Видите? Ничего не сходится. Допустим даже, он не понимал, что вот-вот умрет, все равно в словах его не было никакого смысла. О земледелии он вряд ли знал намного больше, чем о Стоунволле Джексоне; и уж точно ни разу в жизни не брал в руки лопату или мотыгу. Да, конечно, поля ему видеть приходилось, хлопковые и кукурузные, видел он и людей, на них работающих. Но самому ему явно не приходило в голову последовать их примеру, иначе бы он занялся этой работой, потому что возможностей для того у него было предостаточно. А он берет да стреляет в человека, который делал ему добро, который – осознавал он это или нет – избавлял его от чуть ли не адских мук, на которого он перенес свой дар собачьей преданности и из-за которого какую-то неделю назад отказался от помилования, – ради того, чтобы, если ему верить, вернуться в мир и обрабатывать землю, и все это, вся эта перемена, происходит в течение одной недели, да еще и после того, как он пять лет провел в таком отдалении от мира, какое и монашенкам на долю не выпадает.

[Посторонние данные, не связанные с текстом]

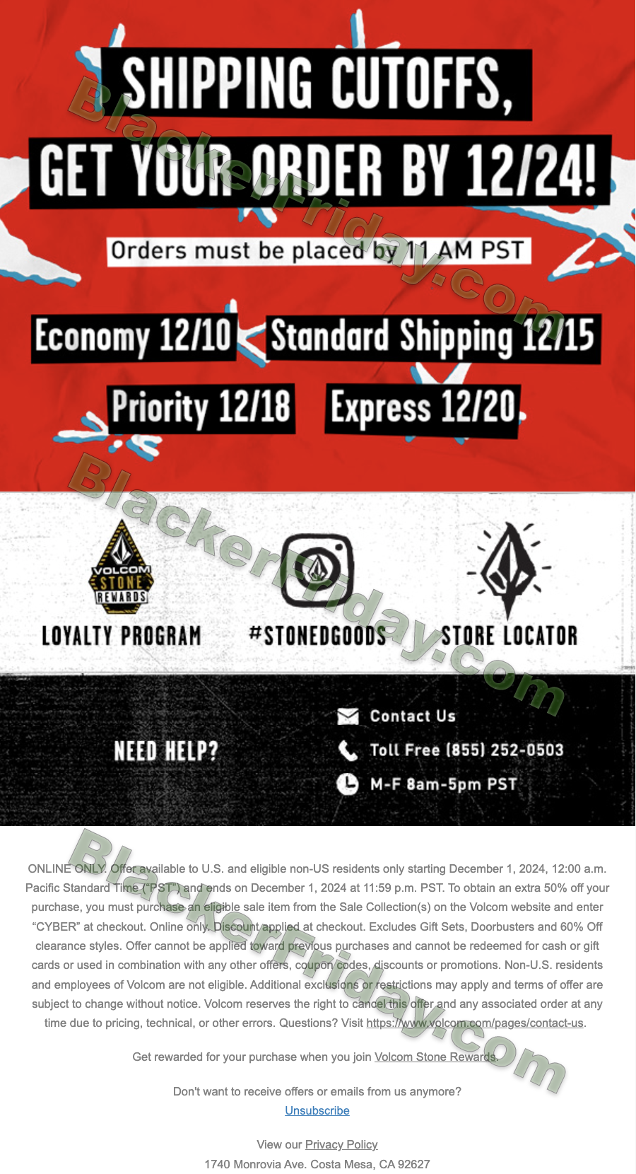 We’ve built an archive of Volcom’s previous Cyber Monday ads over the years. You can take a look and compare this year’s deals to those from the last few years by following the links below.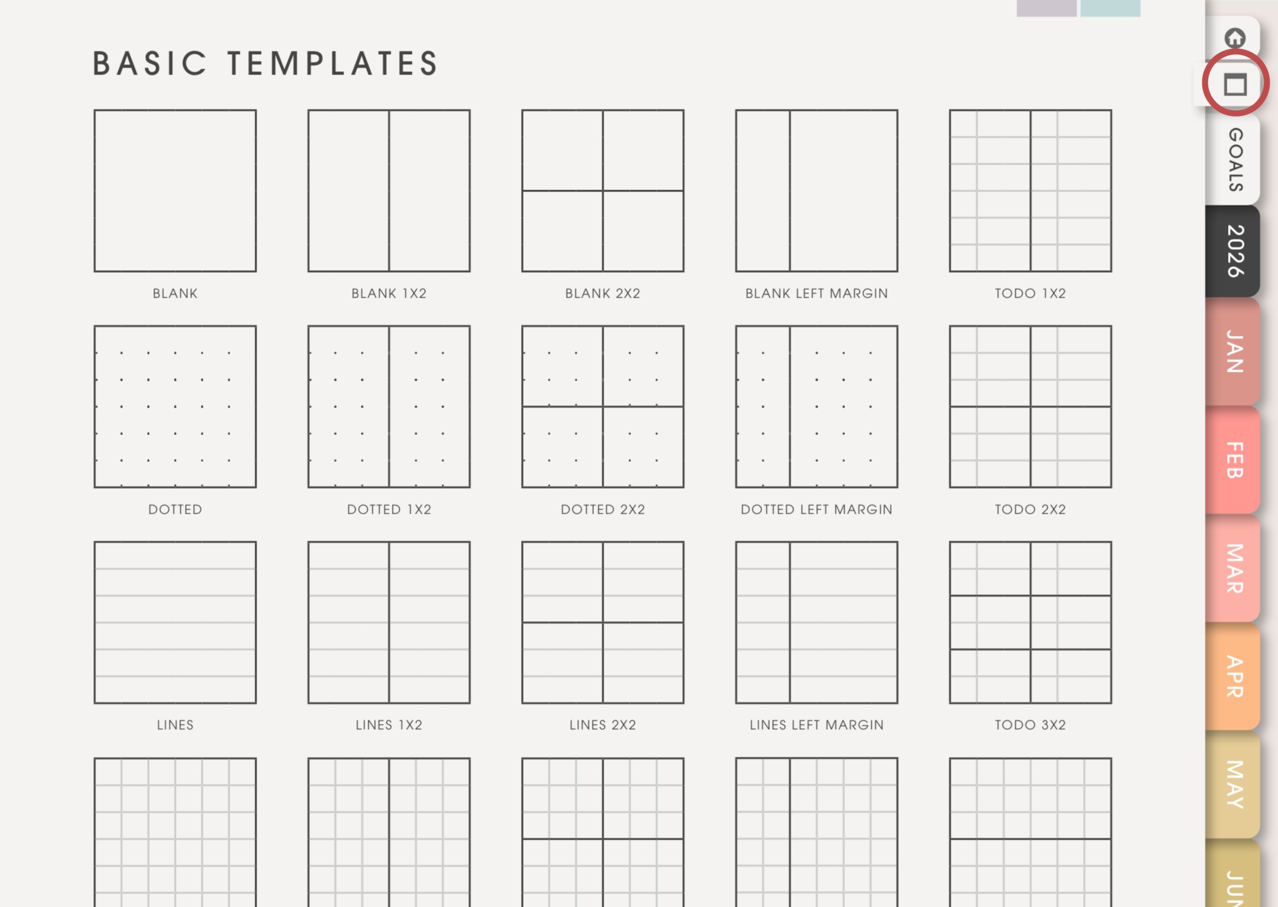 Tap the Template icon on the top-right corner (second icon) of your planner or notebook.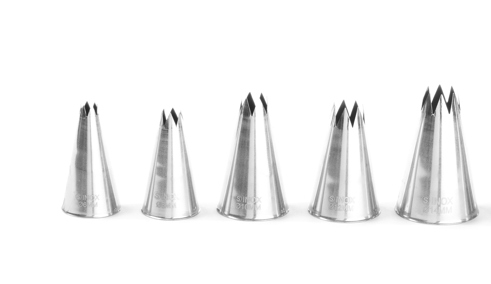 Set di 5 ugelli di varie dimensioni. Acciaio inox.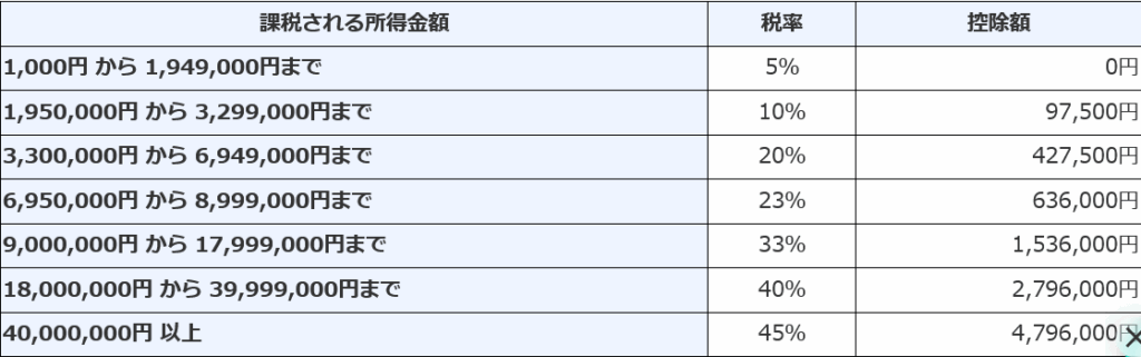 所得税の税率表がこちら

Да даже исходя из того, что в сознании его сложилась такая вот логическая цепочка – во что поверить трудно, – даже исходя из того, что она оказалась достаточно прочной для того, чтобы заставить его убить своего единственного друга (да, к слову, о пистолете; рассказывали, что начальник тюрьмы держал его дома, а однажды он пропал, и, чтобы развязать язык, его повара-негра, тоже арестанта, прислуживавшего у него в доме и, естественно, первым попавшего под подозрение, избили самым жестоким образом, а потом пистолет нашел Монах – там, где, как теперь вспомнил и сам начальник, он его спрятал, – и вернул хозяину), – так вот, даже если исходить из всего этого, каким, во имя всего святого, образом могло ему прийти все это в голову, каким образом могло его посетить желание – да еще там, где он тогда находился, – обрабатывать землю? Все это я и выложил дяде Гэвину.
– Ну почему же не сходится? – возразил он. – Как раз сходится. Просто мы еще не подобрали ключ к этому шифру. И они тоже.
– Они?
– Ну да. Не человека, который убил Гэмбрелла, они повесили. Они просто распяли пистолет.
– Да о чем это вы, дядя?
– Не знаю. Может, никогда и не узнаю. Даже скорее всего не узнаю. Но вообще-то все, как ты выражаешься, сходится – где-то, каким-то образом. Должно сходиться. В конце концов, даже при сложившихся обстоятельствах во всем этом слишком много клоунады, ну или просто бреда в образе человеческом. Но про это я даже не говорю. А самая занятная шутка, которую, вполне вероятно, сыграют с нами эти самые обстоятельства, состоит в том, что мы даже не распознаем ее.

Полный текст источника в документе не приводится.